Third, AIDS could conceivably generate new types of epidemics. When the proportion of immunodeficient individuals in a population remains very low, the chance of direct transmission of opportunistic infections from one to another is even smaller. But HIV-infected people can act as incubators of microbes that previously relied on animal reservoirs: for example, the Mycobacterium avium complex, canine Toxoplasma, alphaviruses of birds, enteric infections of farm animals, and numerous other microbes not normally transmissible between humans.

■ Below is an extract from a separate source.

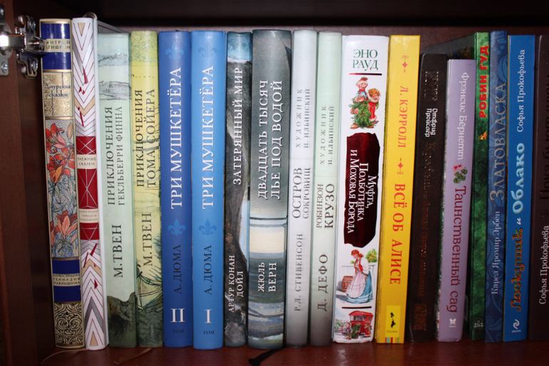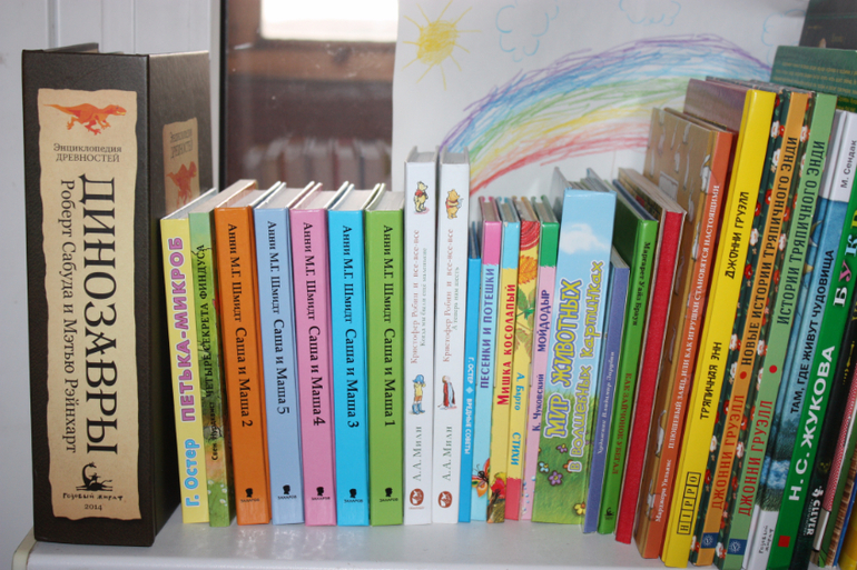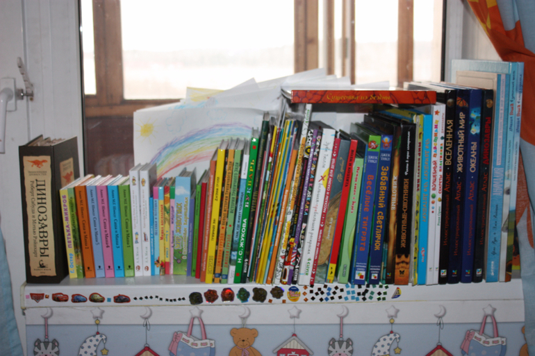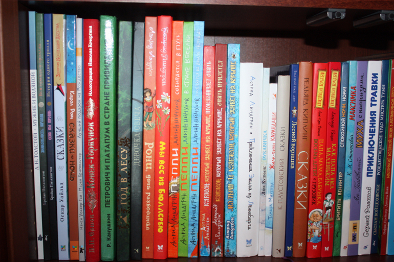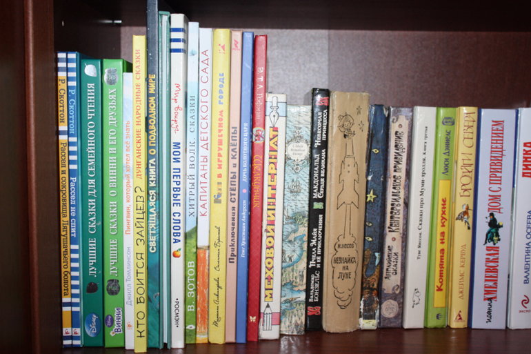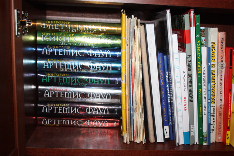 Здесь в основном книги на вырост, плюс много новых книг, до чтения которых очередь не дошла (всё-таки покупаются у нас книги с большей скоростью, чем читаются...).

With the AIDS pandemic, such microbes now have a new host population in which to play darwinian selection. Where 10% or more of a community are HIV-infected, direct transmission between immunodeficient individuals becomes plausible. Microbes that are poorly adapted for human infection could become well adjusted, first to the immunodeficient host and eventually to immunocompetent humans, provided they learn the tricks of human-to-human transmission. These could include free-living microbes from the environment51,52, including non-tuberculous Mycobacteria, Legionnella, Pseudomonas, Fusarium and other fungi, as well as microbes and parasites from animal sources.

Free-living bacteria, fungi and protozoa now have 37 million and rising immunocompromised people in which to learn to become human parasites. The bacteria could acquire antibiotic resistance or adaptive, pathogenic genes from the plasmids, phages and mobile pathogenicity islands53 of their human-adapted relatives, and yet escape the vaccines now in use. Moreover, animal infections could gain a firm foothold in the human population, particularly fast-evolving RNA viruses. The vast number of susceptible humans is a novel, unique window of opportunity for microbes originating from animals, the soil or water to evolve into human pathogens. This issue of the potential community impact of a massive immunodeficient reservoir therefore demands analysis by those who model infectious disease dynamics and evolution. Long after HIV itself is controlled (we hope) by immunization, new diseases may roam former HIVland.